FIG. 1 is a configuration diagram showing a schematic configuration of a psychological state measuring apparatus according to an embodiment of the present invention.

FIG. 2 is an explanatory diagram showing a data format of correlation data provided in advance in an analysis unit.

FIG. 3 is a diagram showing an example of experimental data showing that there is a correlation between a human psychological state and a body oxygen concentration.

FIG. 4 is a diagram showing another example of experimental data showing that there is a correlation between a human psychological state and a body oxygen concentration.

FIG. 5 is a diagram showing still another example of experimental data showing that there is a correlation between the human psychological state and the oxygen concentration in the body.

FIG. 6 is a diagram showing still another example of experimental data showing that there is a correlation between the human psychological state and the oxygen concentration in the body.
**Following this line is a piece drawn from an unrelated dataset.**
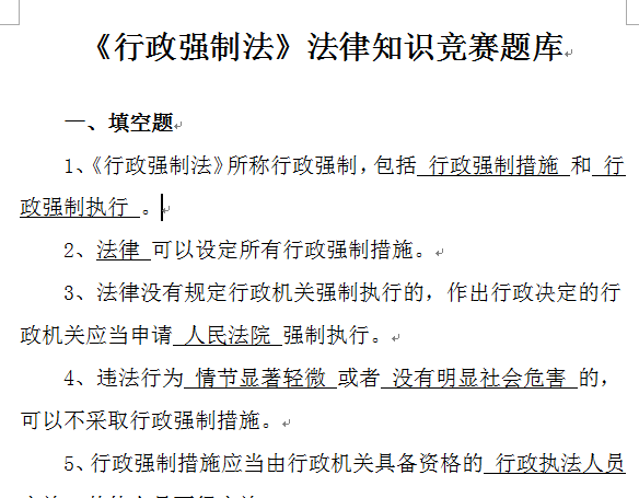 【竞赛试题】《行政强制法》法律知识竞赛题库

FIG. 7 is an explanatory diagram for explaining the principle of feature extraction and the principle of psychological state determination in the psychological state measuring apparatus of the embodiment.

[Explanation of symbols]

1 ... Multi-dimensional oxygen concentration measuring unit, 2 ... Light emitting unit, 3 ... Light receiving unit,
4 ... Signal processing unit, 5 ... Storage unit, 6 ... Illumination optical probe and light receiving optical probe, 7 ... Fourier transform unit, 8 ... Storage unit,
9 ... Analysis unit, 10 ... Control unit.

Claims (1)

[Claims] 1. A measuring means for irradiating light into the body of a subject and measuring a temporal change of oxygen concentration in the body based on a temporal change of transmitted light, and a temporal change of the oxygen concentration. A Fourier transform processing to obtain a spectrum distribution with respect to frequency, and a feature is extracted based on the envelope of the spectrum distribution. The feature-extracted data is used to change the oxygen concentration with respect to a preset psychological state. A psychological state measuring device, comprising: an analyzing unit that determines a psychological state by comparing the correlation data obtained based on the envelope curve of the spectrum distribution of FIG.